Por cá o que não dá lucro tem pouco interesse, poucas ajudas e, em alguns casos, nenhuns incentivos. Ora, quando os cidadãos estão anestesiados, em casa, agarrados a redes sociais e programas de televisão de duvidosa qualidade, seria imperioso haver por parte de quem dirige Portugal, a promoção e forte incentivo ao associativismo e cooperativismo.

Na realidade, isso não acontece. Antes pelo contrário. Quase 500 euros na “Associação na Hora” e, depois, uma odisseia para abrir conta bancária (obrigatória) – certos bancos disseram a  O Cidadão que não têm interesse em abrir contas para associações… e estamos só no início do processo…

No litoral, com mais ou menos dificuldade, vamos conseguindo abrir associações. As pessoas (totalmente instrumentalizadas pela palavra mágica: dinheiro) custam a mobilizar para um trabalho que não é pago. O interesse de todos ou o bem comum, se preferirem, é coisa de somenos para alguns (sempre demasiados por poucos que sejam). O individualismo causa mossa à comunidade. Se causa!

Mas estar numa casa regional, com alguns beirões de rija cepa, faz-nos pensar no que acontece há já alguns anos nas regiões do interior. Além de todas as dificuldades enunciadas atrás, coloca-se outra – tão ou mais grave. Há municípios que não possuem jornais ou rádio locais (ou têm-nos, mas são totalmente controlados pela autarquia e pelas igrejas), nem quiosques para venda de jornais. Onde vão as pessoas encontrar a informação? Nas pérfidas redes sociais ou na tóxica televisão. Apenas. Isto é lamentável! Diria mesmo, inaceitável.

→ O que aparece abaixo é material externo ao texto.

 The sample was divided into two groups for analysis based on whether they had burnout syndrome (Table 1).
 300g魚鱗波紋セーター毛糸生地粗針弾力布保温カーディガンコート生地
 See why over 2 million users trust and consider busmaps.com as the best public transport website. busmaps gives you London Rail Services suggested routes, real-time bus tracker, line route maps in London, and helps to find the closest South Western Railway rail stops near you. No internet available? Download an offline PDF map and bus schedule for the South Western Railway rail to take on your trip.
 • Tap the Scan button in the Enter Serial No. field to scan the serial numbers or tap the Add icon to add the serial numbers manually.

Para dar cabo do que ainda existe, a VASP, que distribui livros e jornais em concelhos do interior, ameaça (há quem considere bluff e estratégia comercial) extinguir este serviço. Um senhor chamado Marco Galinha, empresário de sucesso, é o investidor maior da empresa. Tem (ou teve) participações sociais de vulto na Global Notícias. Será, queremos acreditar, uma pessoa responsável e entenderá a problemática. Todos estamos recordados das dificuldades por que passaram a TSF , o Jornal de Notícias e o Diário de Notícias, títulos dessa empresa de comunicação social. Parcialmente resolvidos.  Agora é a VASP, do mesmo senhor, a ameaçar os concelhos do interior com a falta de jornais e livros. Que estranha coincidência… Que seja apenas isso.

Face a tudo, é legítimo pensar que os poderes (políticos e económicos) querem destruir os jornais ou privar as pessoas de os lerem. Principalmente as do interior do país.

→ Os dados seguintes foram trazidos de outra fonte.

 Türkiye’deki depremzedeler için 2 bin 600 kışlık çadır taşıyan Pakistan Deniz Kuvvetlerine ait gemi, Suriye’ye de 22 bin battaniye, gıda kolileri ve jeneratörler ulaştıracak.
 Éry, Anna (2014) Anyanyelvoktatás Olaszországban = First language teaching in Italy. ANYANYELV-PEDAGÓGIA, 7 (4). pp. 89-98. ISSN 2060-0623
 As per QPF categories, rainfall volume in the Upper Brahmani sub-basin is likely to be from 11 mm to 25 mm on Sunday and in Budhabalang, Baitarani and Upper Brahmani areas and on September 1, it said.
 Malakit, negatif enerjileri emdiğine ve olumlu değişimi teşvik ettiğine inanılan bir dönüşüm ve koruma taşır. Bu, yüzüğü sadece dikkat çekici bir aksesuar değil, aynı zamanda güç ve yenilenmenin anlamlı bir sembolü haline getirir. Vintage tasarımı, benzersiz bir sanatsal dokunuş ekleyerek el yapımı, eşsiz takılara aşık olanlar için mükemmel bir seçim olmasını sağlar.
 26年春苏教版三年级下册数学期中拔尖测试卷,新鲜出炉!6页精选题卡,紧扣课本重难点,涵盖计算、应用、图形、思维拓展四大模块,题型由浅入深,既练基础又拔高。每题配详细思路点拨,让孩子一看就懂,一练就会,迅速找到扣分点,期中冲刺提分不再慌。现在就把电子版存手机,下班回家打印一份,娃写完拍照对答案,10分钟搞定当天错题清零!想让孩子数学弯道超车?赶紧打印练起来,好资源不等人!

Já para não falar na legislação das rádios locais – a famigerada Lei da Rádio. Tão rigorosamente aplicada (e bem!) na atribuição de novas antenas nos finais dos anos 80, acabando com as “rádios piratas”, é hoje uma miragem. Pouco é cumprido e as propriedades constituem quase um monopólio evangélico. Os governos preocupam-se com este atropelo gravíssimo? Não! Como canta o Carlão, “assobiam para o lado.”

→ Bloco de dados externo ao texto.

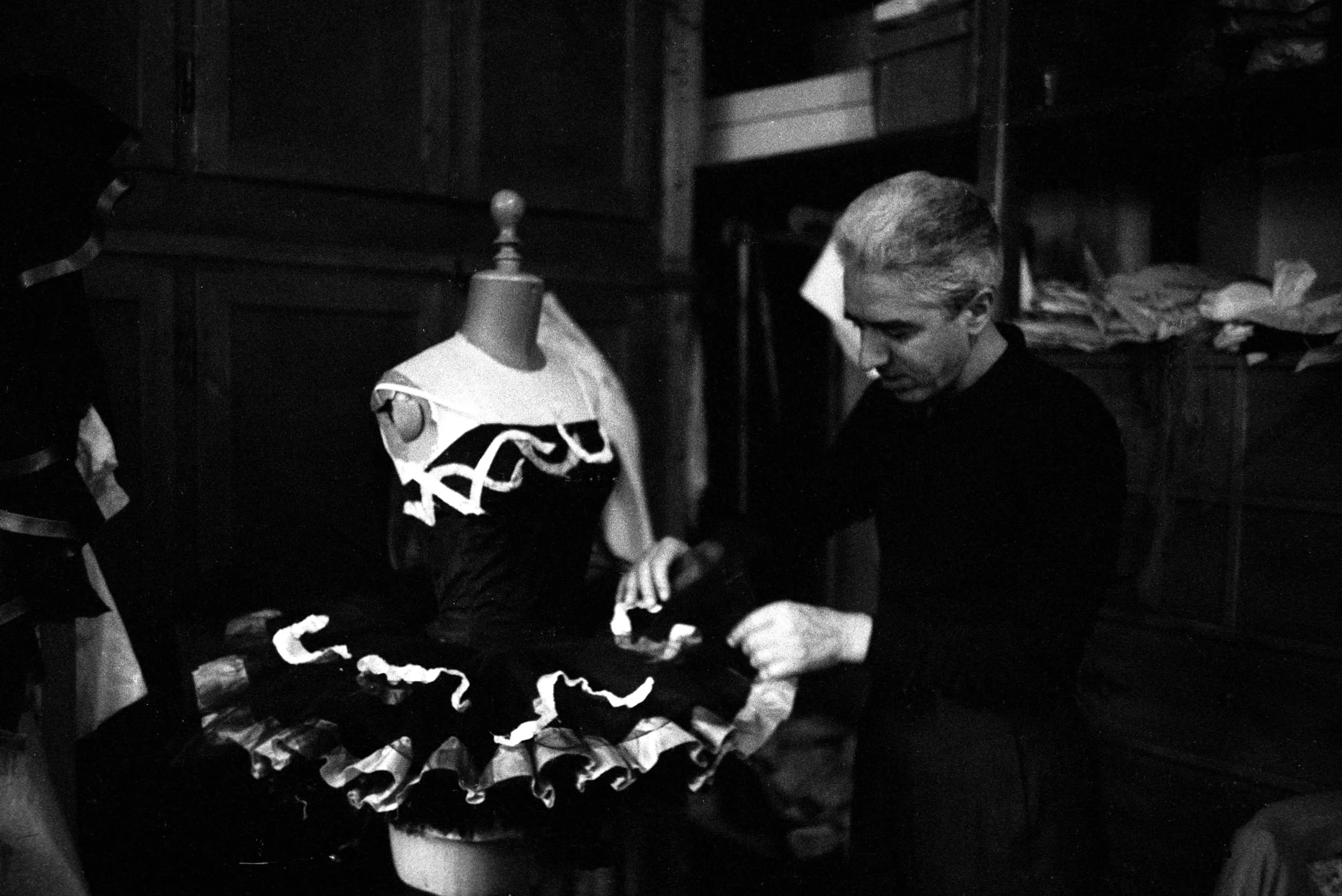 Black and white photograph of a man in a dark top adjusting a ruffled black and white garment on a dressmaker's mannequin in a dimly lit room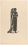 Son of the leading actress Ellen Terry, and architect Edward William Godwin, Craig himself became a gifted actor and stage designer. This print of Hamlet listening to a mysterious whisperer was made as Craig developed a visionary staging of the play for Constantin Stanislavsky at the Moscow Art Theatre. For that 1912 production, he conceived of the ghost in Shakespeare as two beings—the first a skeletal representation of Hamlet’s murdered father in Act 1—and the second an androgynous Daemon or alter ego, who entices the prince towards death later in the play. To demonstrate his ideas, Craig built model sets and carved figures out of wood in low relief to model the actors’ movements. Experimenting, he discovered that these could be printed to create "black figure" images.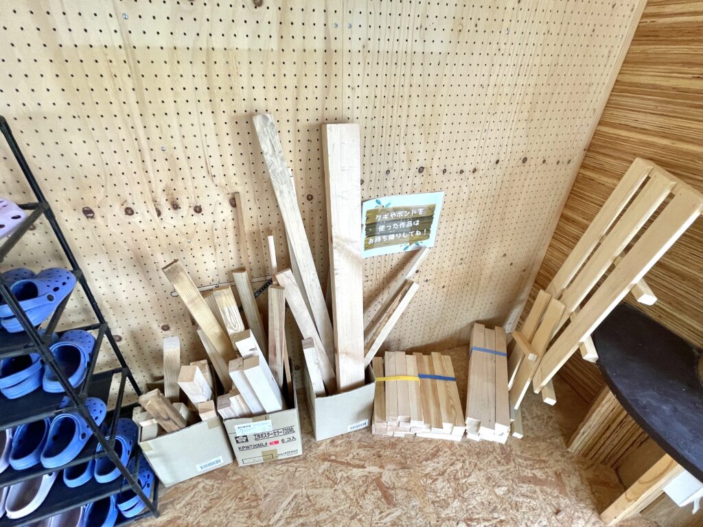 木材がいろいろ置いてあり自由に使えます。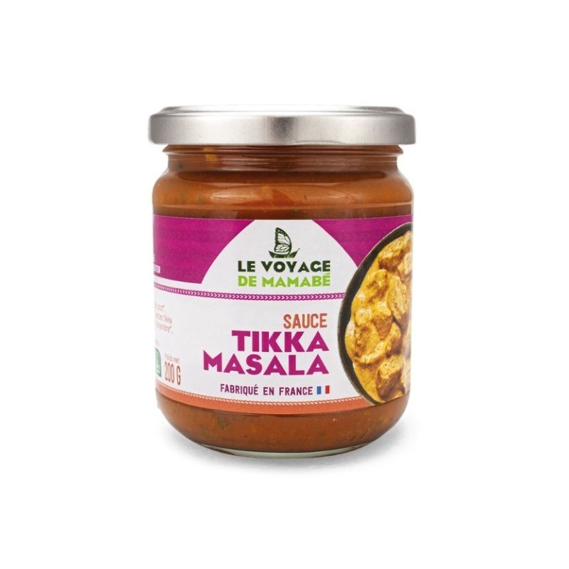 Ingrédients: tomate*, lait de coco*, oignon*, huile de noix de coco*, ail*, épices tikka masala poudre*, sel*, gingembre*, aromates*, jus de citron*.
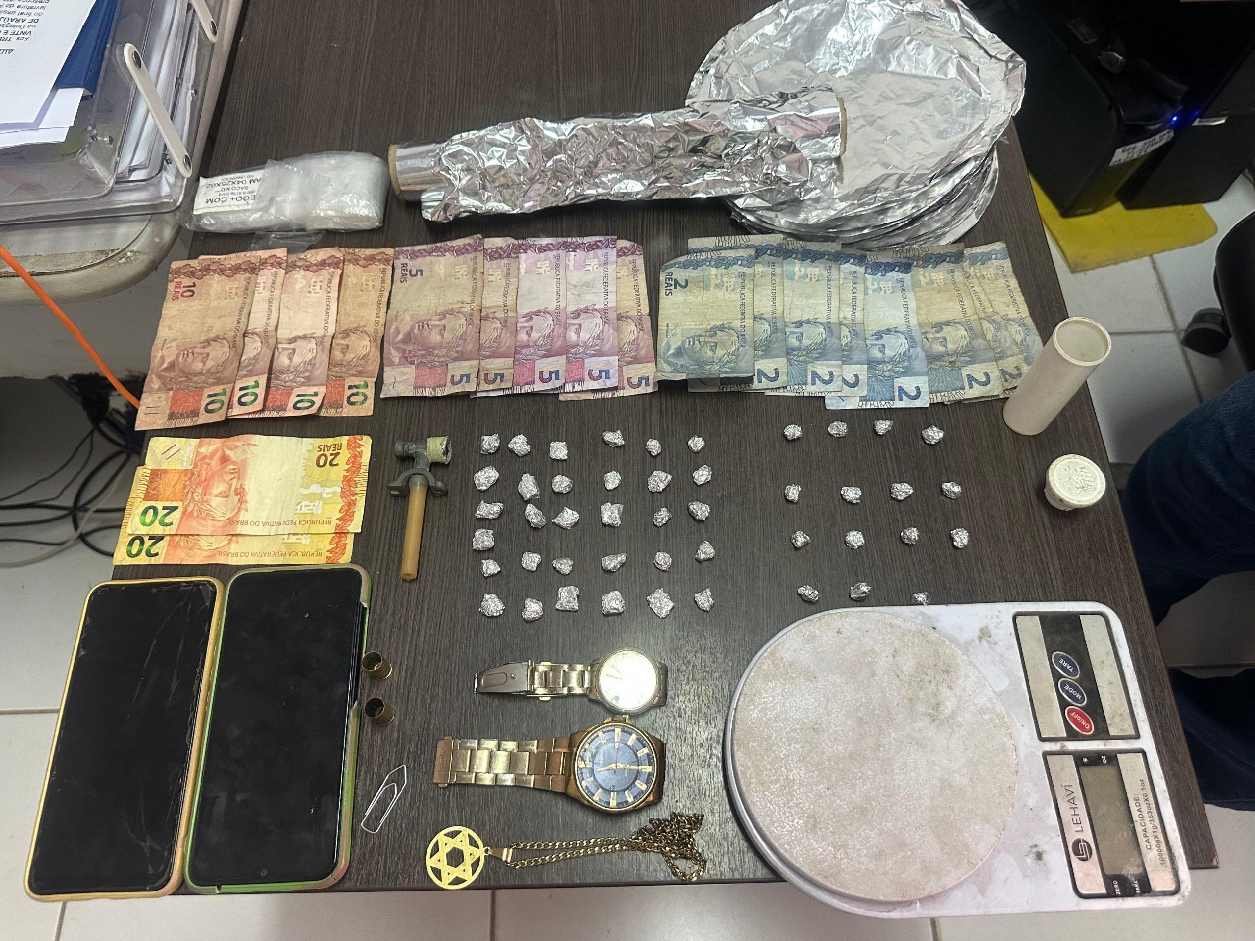 Além da droga apreendida, foram localizados diversos materiais utilizados no tráfico, como uma balança de precisão, dinheiro trocado, embalagens de papel alumínio e um cachimbo.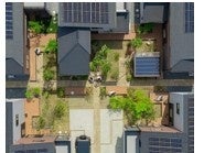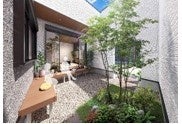 本作品では子どもを安心して遊ばせることができる中庭を街区の中心に配置しました。中庭へと続く、分譲地共有の路地は居住者同士が自然に出会える場所となり、コミュニティの形成を促進します。 一方で、一部住戸に「はなれ」の棟を設けた上、植栽を絶妙な位置に配置し、これが目隠しになって、中庭から各住戸への視線を気にせポラスガーデンヒルズ株式会社 ず暮らせるようにし、コミュニティとプライバシーの両立を果たしています。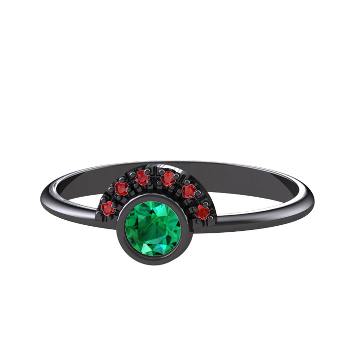 Yeşil kuvars ve garnet 925 ayar siyah rodyum kaplama gümüş yüzük

As pessoas estão preocupadas, mas não sabem o que fazer. E as sugestões existem. Na Casa das Beiras, em Lisboa, foram enumeradas algumas. Como pô-las em prática? Essa é a dificuldade-mor.

Também ouvimos, nessa sessão de Cidadania em Lisboa, mas dirigida ao interior, pessoas a indignarem-se por o movimento associativo estar “sistematicamente a pedir verbas públicas” para avançar.

A resposta é que, mesmo sem dinheiro, há corajosas e corajosos que, no meio de toda a “tempestade”, avançam. Já encaram as verbas públicas como “utopia”. Um dia chegarão.. . O problema é quando os poderes, além de não darem ajuda financeira, ainda empurram para trás. E aí, é o drama absoluto, a destruição do associativismo e de outras iniciativas cidadãs.

Nota: O associativismo e cidadania refere-se ao que é exercido com rigor, isenção, honestidade e solidariedade. Para servir. Não o que é “exercido” por oportunismo, para burlar, corromper ou enganar. Isto não é associativismo, é crime e está fora desta discussão.